START Raw data

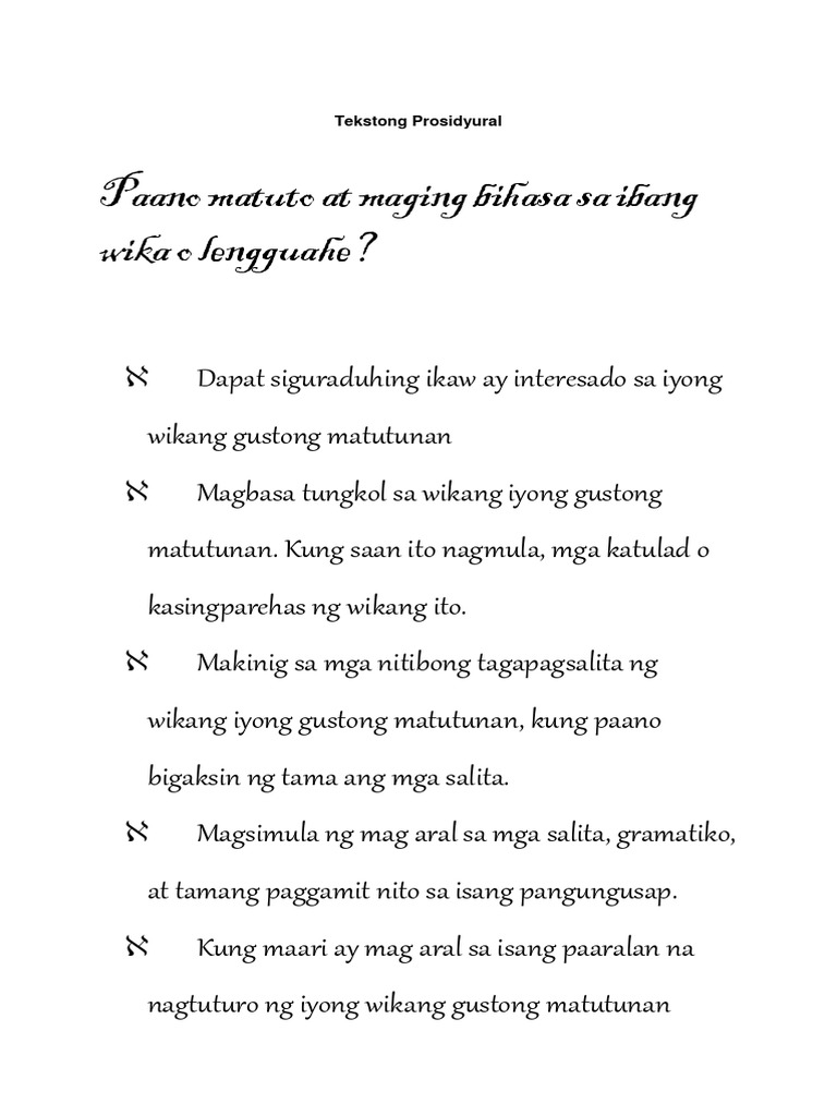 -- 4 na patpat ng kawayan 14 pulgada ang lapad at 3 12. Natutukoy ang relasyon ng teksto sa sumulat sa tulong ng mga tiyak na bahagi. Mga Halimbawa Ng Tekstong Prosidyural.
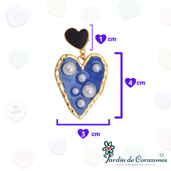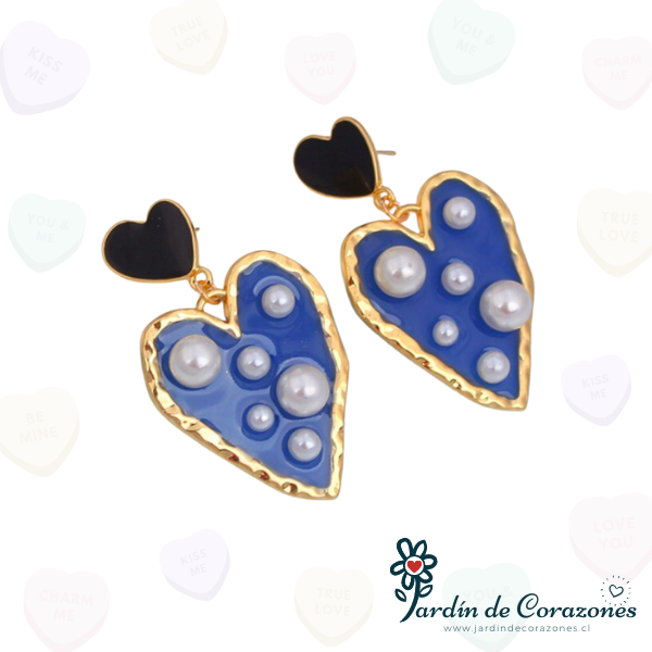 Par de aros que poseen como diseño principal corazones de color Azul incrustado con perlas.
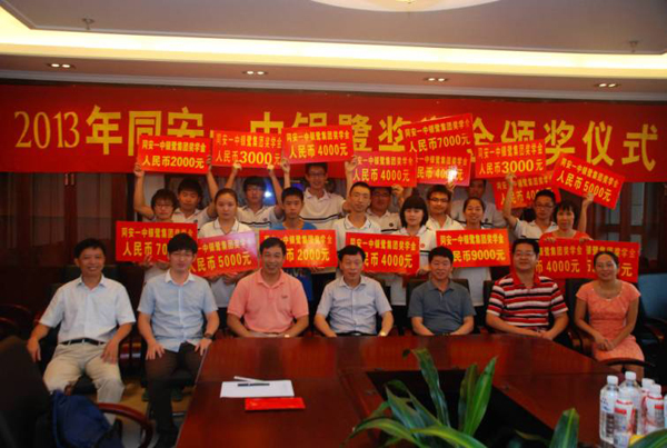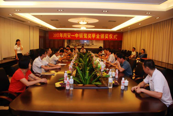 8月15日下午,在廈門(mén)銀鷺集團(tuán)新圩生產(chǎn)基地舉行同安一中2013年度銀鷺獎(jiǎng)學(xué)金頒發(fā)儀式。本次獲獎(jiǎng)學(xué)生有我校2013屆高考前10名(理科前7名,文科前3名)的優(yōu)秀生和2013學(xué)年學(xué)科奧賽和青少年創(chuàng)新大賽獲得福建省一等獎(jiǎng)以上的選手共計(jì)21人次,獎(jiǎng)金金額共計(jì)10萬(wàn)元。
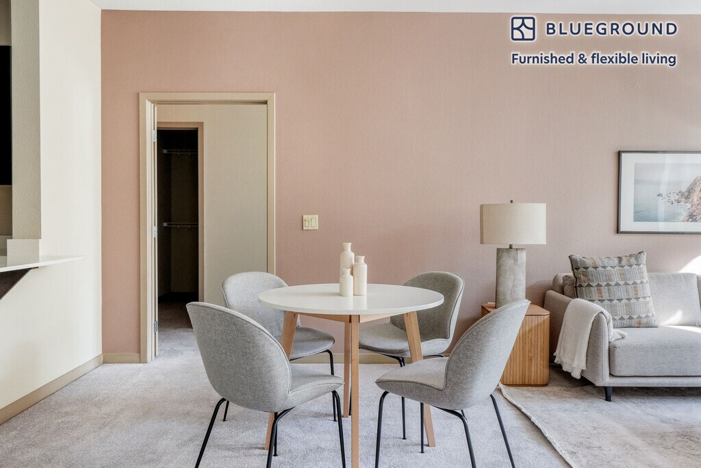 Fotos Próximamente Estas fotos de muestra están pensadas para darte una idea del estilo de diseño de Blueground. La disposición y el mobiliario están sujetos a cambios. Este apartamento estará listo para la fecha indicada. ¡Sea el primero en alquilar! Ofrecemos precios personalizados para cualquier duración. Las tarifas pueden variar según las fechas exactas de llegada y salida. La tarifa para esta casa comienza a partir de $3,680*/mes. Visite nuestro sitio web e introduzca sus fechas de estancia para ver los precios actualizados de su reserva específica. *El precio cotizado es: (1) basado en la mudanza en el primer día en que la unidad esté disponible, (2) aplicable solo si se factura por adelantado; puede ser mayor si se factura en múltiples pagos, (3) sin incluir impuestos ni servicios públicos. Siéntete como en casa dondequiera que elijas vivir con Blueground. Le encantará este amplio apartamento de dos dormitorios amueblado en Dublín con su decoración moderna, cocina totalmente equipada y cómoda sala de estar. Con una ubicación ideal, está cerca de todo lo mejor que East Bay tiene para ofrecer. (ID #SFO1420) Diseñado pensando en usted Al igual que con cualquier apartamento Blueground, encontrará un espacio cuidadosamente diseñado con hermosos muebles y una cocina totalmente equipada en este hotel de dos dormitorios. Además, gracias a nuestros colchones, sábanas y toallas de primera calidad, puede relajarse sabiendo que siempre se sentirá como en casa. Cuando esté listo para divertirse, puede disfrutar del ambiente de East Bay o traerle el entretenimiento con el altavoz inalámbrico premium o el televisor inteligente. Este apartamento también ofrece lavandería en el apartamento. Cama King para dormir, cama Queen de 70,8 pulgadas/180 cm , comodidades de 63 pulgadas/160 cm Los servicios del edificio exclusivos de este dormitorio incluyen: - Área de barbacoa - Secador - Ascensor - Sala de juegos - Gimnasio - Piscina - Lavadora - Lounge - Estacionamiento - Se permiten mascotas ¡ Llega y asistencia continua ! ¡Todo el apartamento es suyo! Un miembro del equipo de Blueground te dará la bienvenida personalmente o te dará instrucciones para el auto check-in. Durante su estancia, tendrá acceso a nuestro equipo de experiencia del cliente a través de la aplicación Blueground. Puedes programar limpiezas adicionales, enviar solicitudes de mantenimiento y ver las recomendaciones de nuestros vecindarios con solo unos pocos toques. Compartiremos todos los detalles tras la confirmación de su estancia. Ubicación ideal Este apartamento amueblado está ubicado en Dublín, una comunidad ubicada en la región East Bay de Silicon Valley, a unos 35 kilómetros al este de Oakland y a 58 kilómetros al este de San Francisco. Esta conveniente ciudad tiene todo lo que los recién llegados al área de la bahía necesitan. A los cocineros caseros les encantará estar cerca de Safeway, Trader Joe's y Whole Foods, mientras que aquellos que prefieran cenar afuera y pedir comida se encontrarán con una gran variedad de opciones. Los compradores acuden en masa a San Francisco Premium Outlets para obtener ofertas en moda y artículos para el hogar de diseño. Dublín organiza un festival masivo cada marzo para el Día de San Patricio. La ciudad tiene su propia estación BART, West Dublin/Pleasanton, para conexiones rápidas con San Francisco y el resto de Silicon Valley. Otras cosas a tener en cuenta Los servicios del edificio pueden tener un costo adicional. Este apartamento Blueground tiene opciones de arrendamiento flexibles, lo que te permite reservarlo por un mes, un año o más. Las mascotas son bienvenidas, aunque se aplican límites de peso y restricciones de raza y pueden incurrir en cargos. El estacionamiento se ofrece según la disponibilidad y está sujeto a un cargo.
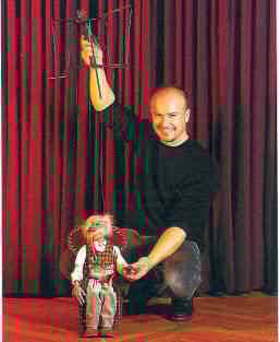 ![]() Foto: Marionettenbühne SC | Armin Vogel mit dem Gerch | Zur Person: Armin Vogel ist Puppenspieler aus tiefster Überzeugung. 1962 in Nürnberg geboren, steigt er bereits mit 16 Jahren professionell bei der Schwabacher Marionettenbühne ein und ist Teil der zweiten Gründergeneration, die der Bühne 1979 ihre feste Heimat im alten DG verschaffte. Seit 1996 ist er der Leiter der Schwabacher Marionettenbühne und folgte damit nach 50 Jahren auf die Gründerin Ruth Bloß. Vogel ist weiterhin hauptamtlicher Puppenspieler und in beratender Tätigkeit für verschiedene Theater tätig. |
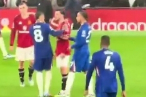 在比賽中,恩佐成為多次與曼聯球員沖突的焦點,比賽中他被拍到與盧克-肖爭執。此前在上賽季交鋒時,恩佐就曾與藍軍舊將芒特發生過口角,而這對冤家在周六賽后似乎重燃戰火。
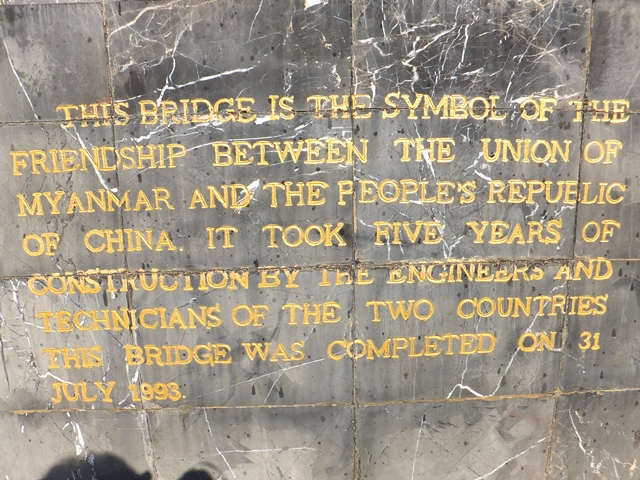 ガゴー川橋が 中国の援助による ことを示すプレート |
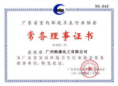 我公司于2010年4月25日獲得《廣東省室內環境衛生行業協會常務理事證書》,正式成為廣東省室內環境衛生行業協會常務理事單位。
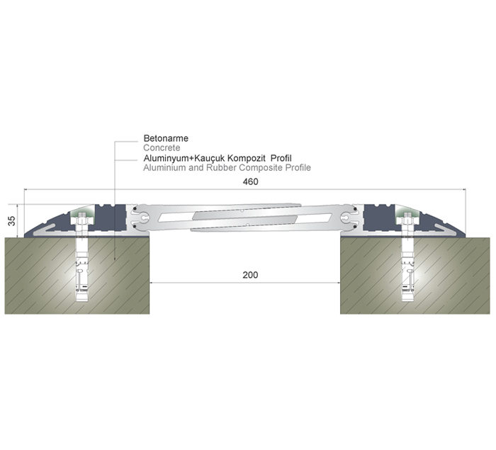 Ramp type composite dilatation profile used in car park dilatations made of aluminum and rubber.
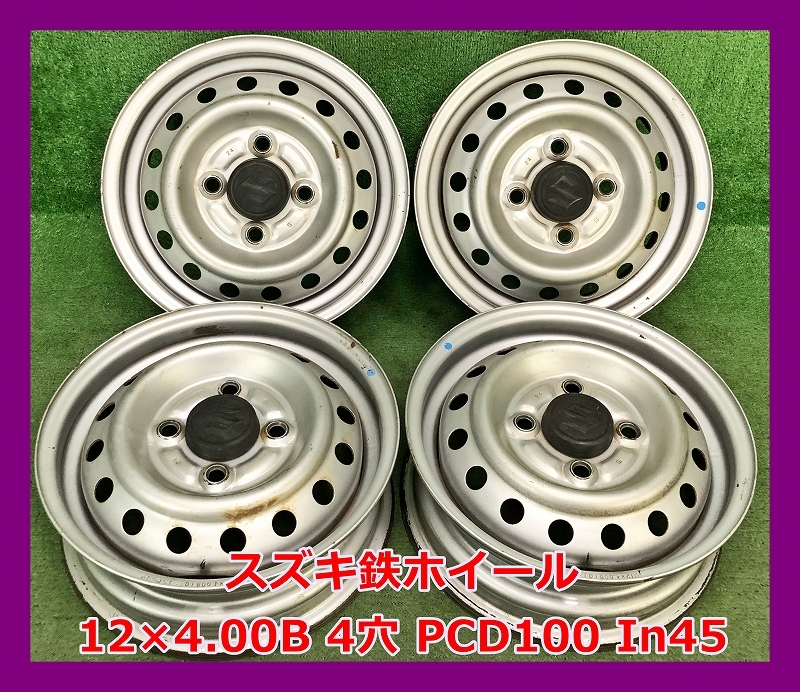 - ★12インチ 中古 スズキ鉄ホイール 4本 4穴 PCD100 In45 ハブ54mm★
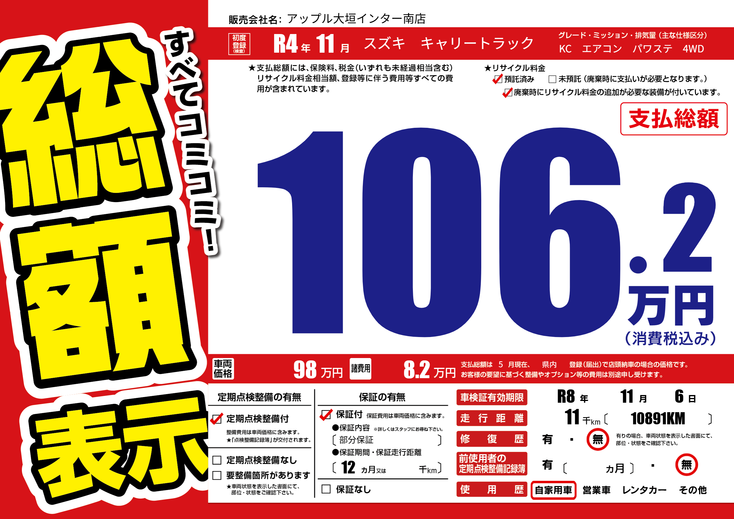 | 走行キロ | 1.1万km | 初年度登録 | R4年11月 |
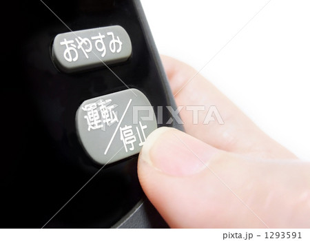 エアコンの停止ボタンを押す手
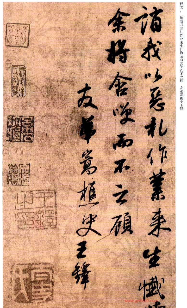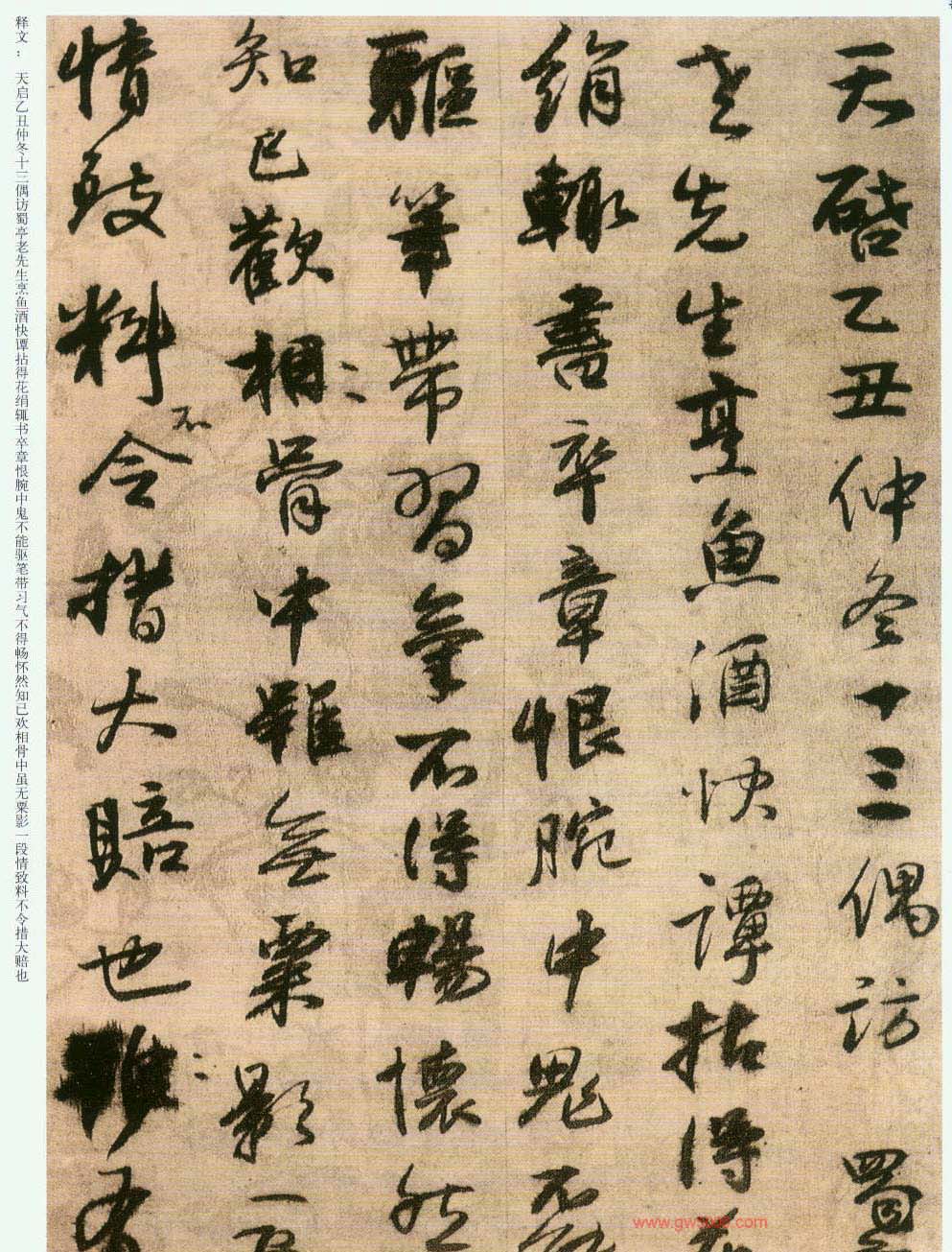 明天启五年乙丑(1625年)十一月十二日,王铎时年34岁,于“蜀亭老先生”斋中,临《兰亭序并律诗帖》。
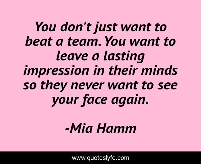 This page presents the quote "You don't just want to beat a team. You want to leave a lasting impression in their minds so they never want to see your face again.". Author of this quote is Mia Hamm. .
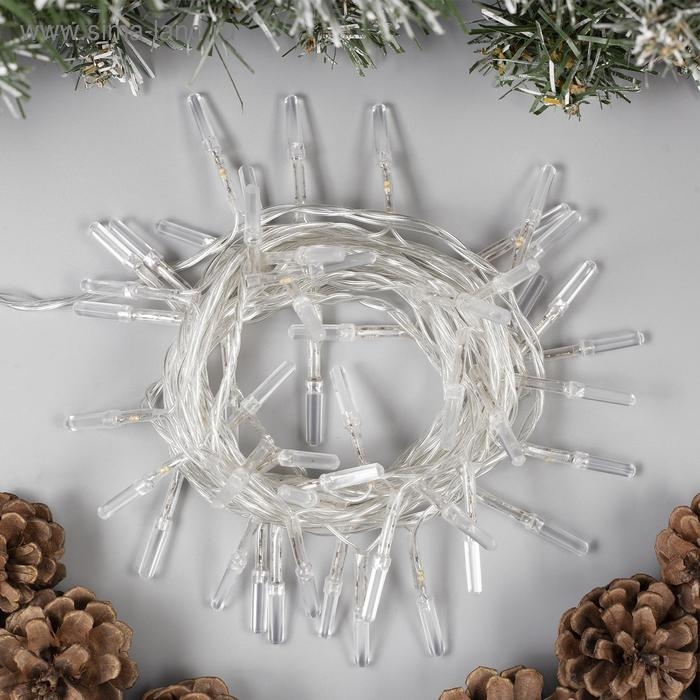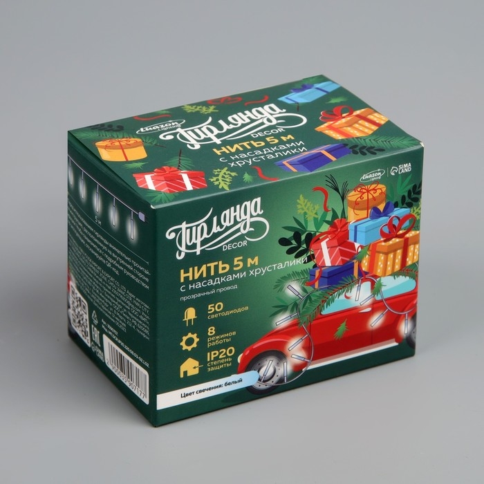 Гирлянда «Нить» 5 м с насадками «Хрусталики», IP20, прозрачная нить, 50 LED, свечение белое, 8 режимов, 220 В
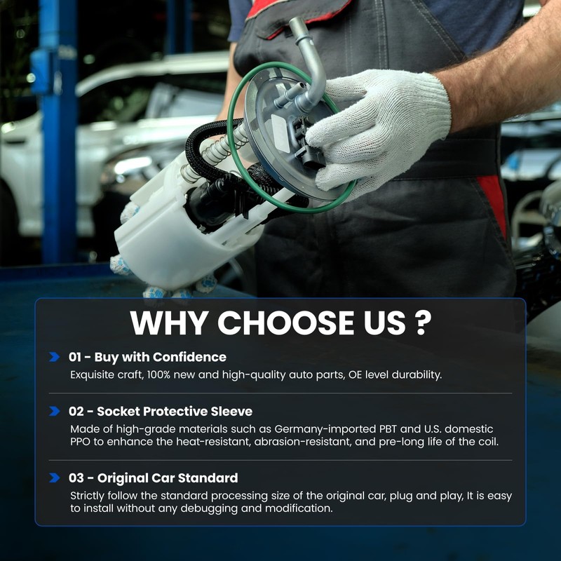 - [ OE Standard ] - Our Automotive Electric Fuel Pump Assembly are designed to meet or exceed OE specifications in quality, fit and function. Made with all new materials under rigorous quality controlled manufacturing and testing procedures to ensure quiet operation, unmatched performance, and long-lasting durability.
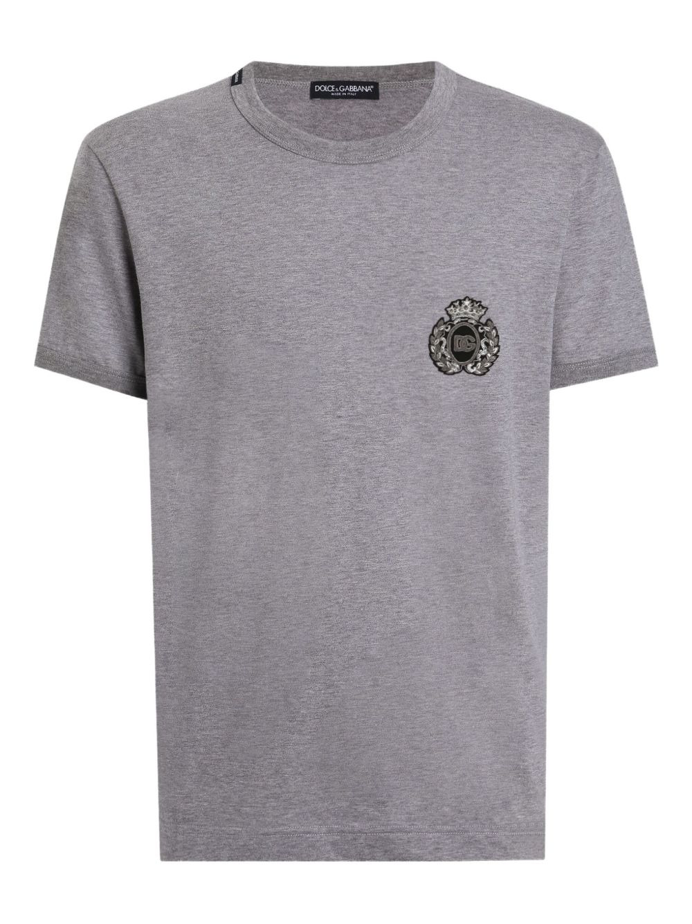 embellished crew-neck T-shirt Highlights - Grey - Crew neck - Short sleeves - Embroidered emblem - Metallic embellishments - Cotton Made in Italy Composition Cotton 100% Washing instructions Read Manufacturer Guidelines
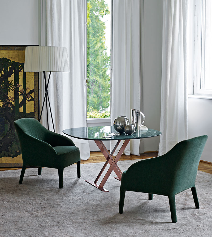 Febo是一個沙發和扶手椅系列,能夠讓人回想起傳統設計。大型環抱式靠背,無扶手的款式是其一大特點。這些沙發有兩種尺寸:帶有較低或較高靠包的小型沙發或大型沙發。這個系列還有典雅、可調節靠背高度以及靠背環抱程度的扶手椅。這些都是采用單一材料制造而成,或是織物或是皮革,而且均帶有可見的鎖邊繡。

END Raw data

» **To do**
Output exactly the lines above, from the line with "初年度登録 | R4年11月 |" to the line with "- [ OE Standard", both included; skip the pictures.

» **Task answer**
 | 走行キロ | 1.1万km | 初年度登録 | R4年11月 |
 エアコンの停止ボタンを押す手
 明天启五年乙丑(1625年)十一月十二日,王铎时年34岁,于“蜀亭老先生”斋中,临《兰亭序并律诗帖》。
 This page presents the quote "You don't just want to beat a team. You want to leave a lasting impression in their minds so they never want to see your face again.". Author of this quote is Mia Hamm. .
 Гирлянда «Нить» 5 м с насадками «Хрусталики», IP20, прозрачная нить, 50 LED, свечение белое, 8 режимов, 220 В
 - [ OE Standard ] - Our Automotive Electric Fuel Pump Assembly are designed to meet or exceed OE specifications in quality, fit and function. Made with all new materials under rigorous quality controlled manufacturing and testing procedures to ensure quiet operation, unmatched performance, and long-lasting durability.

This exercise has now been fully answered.